Os números avançados pela estação francesa BFMTV, são um reflexo do caos que se instalou na cidade depois dos manifestantes terem, na parte da manhã, homenageado Steve Caniço de forma serena com uma longa salva de palmas, seguida de um minuto de silêncio.

O cenário mudou, contudo, de forma radical na área em que as autoridades interditaram qualquer tipo de manifestação sob o argumento de que estariam entre os manifestantes elementos extremistas.
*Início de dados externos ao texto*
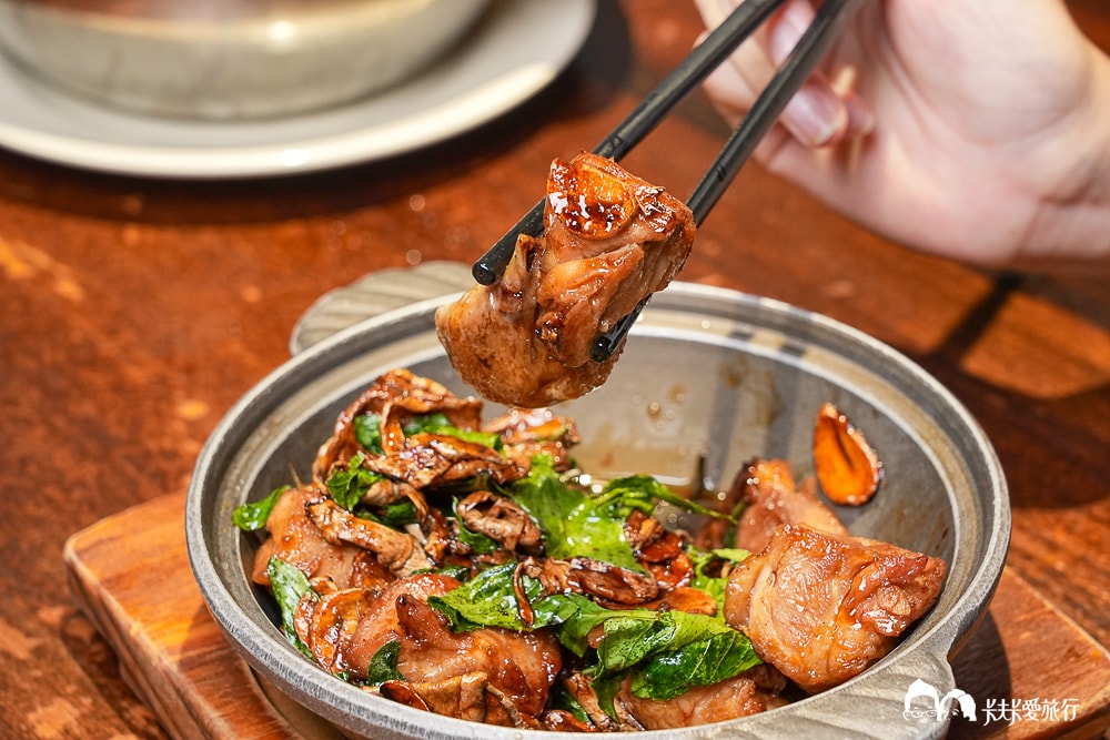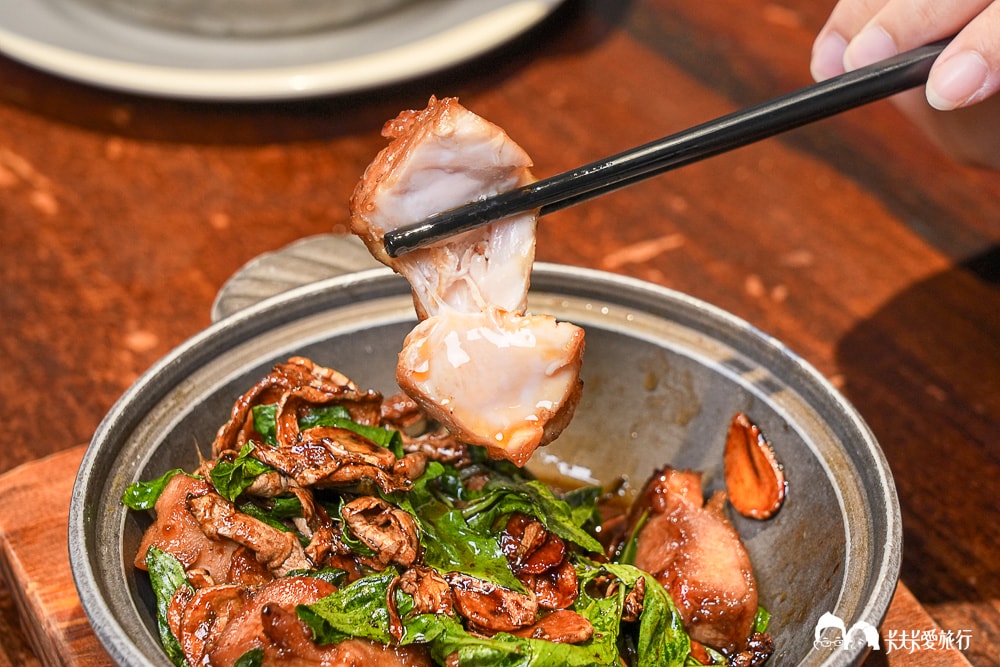 喫飯食堂的三杯雞一上桌,香氣立刻撲鼻而來,熱騰騰的鐵鍋裡,雞肉塊被炒得油亮焦香,搭配蒜頭、薑片和九層塔,醬汁收得剛剛好
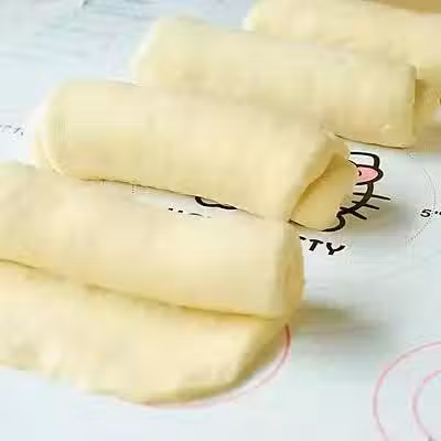 7、擀成長條狀,自上而下捲起來,蓋上保鮮膜再次靜置10分鐘。
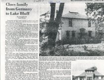 Cloes family from Germany to Lake Bluff - Article on early settlers of Lake Bluff including a picture of Cloes family home, 666 Maple Avenue. Lake Forest-Lake Bluff Mail Advertiser April 16, 1981
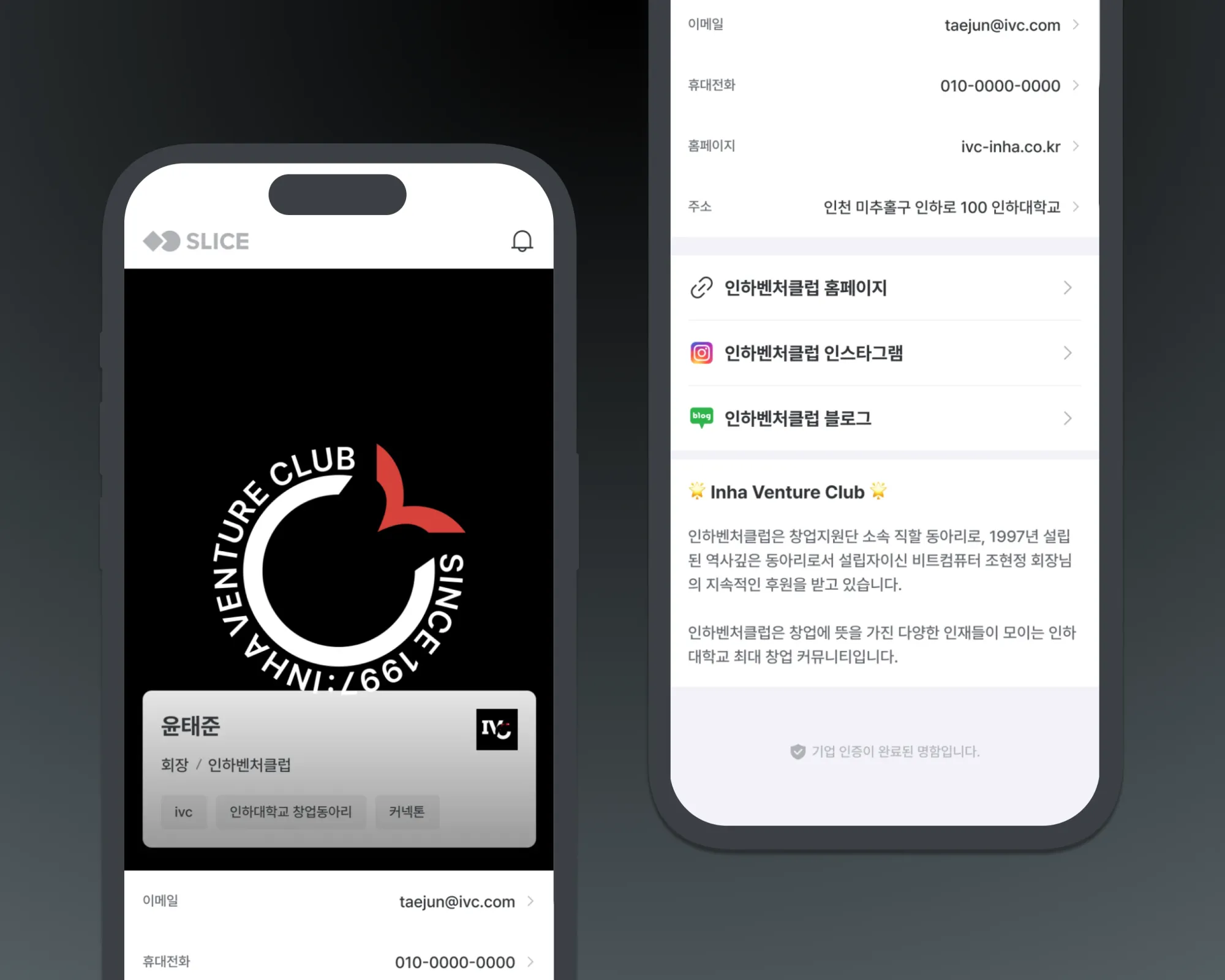 인하벤처클럽에서 만든 '디지털 명함'이 궁금하시다면, 슬라이스 서비스 소개서를 살펴보세요:) 디지털 명함으로 새로운 네트워킹 문화를 경험하고 있는 개인과 기업, 단체 활용 사례와 서비스에 대한 자세한 내용을 전달해 드릴게요!
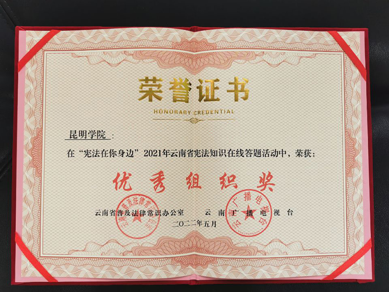 近日,云南省普法办、云南广播电视台联合组织开展的“宪法在你身边”宪法在线答题活动圆满结束,新葡萄8883官网AMG荣获优秀组织奖。
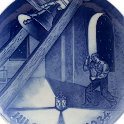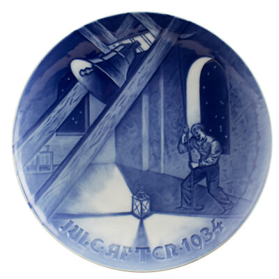 Il piatto di Natale del 1934 è il 40° della serie di famosi piatti Bing&Grondahl ed è intitolato “Church Bell in Tower”. Il motivo ornamentale è in rilievo e il piatto è decorato a mano nelle classiche sfumature blu cobalto applicate sottosmalto.
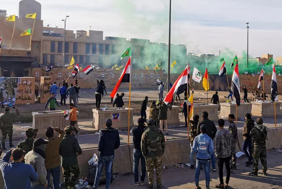 تشتعل الحب المكتومة فتمطر الميليشيا القاعدة الأمريكية في كركوك بوابل من الصواريخ فترد واشنطن بضربات موجعة على أهداف لحزب الله العراقي، يتوعد التنظيم بحرب مفتوحة وتحذر بغداد من تحويل أراضيها إلى ساحة لهذه الحرب فيأتي رد الكتائب أكثر تحديدا عبر حشد أنصاره لاقتحام السفارة الأمريكية.
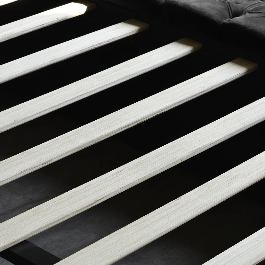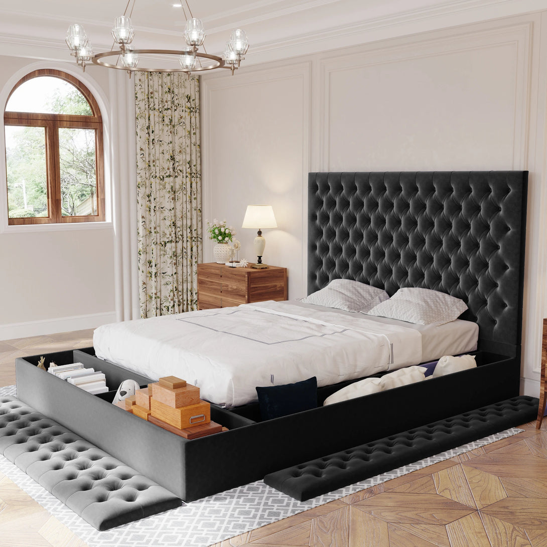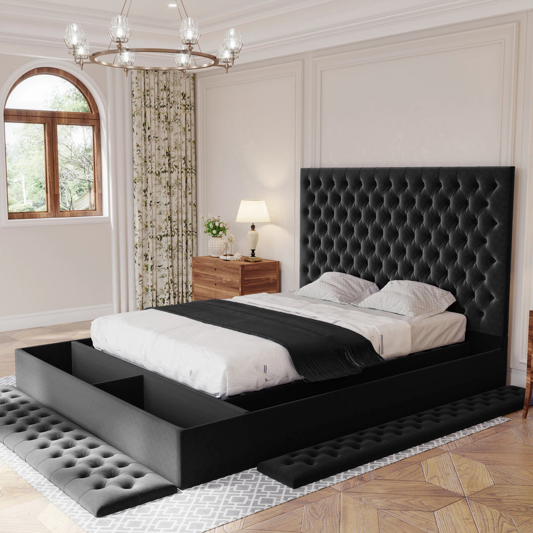 Crafted with a sturdy frame and upholstered in high-quality blue velvet, this bed is filled with high-density sponge for comfort. The tufted headboard and footboard enhance aesthetics and support, making it ideal for master bedrooms, guest rooms, or hotels.

Os revoltosos acabaram por circular por ruas adjacentes da cidade, onde à medida que exigiam a demissão do ministro do interior francês, Christophe Castaner, pilharam lojas, incendiaram caixotes do lixo e rebentaram petardos.

A polícia foi mesmo obrigada, por diversas vezes, a avançar sobre os manifestantes com o lançamento de gás lacrimogéneo.

É necessário recordar que Steve Maia Caniço desapareceu na madrugada da Festa da Musica, de 21 para 22 de junho, depois de uma intervenção policial em que terão sido usados gás lacrimogéneo e balas de borracha para dispersar os jovens, o que terá levado a que várias pessoas tenham caído ao rio Loire.

Um relatório do IGPN, a chamada "polícia das polícias", entretanto divulgado esta semana, um dia depois do corpo do jovem ter sido encontrado no rio Loire, acabou por ilibar os agentes policiais de qualquer responsabilidade na morte de Steve.

No entanto, o ministro do Interior francês, Christophe Castaner, admitiu a persistência de dúvidas dúvidas quanto à legalidade do uso de gás lacrimogéneo.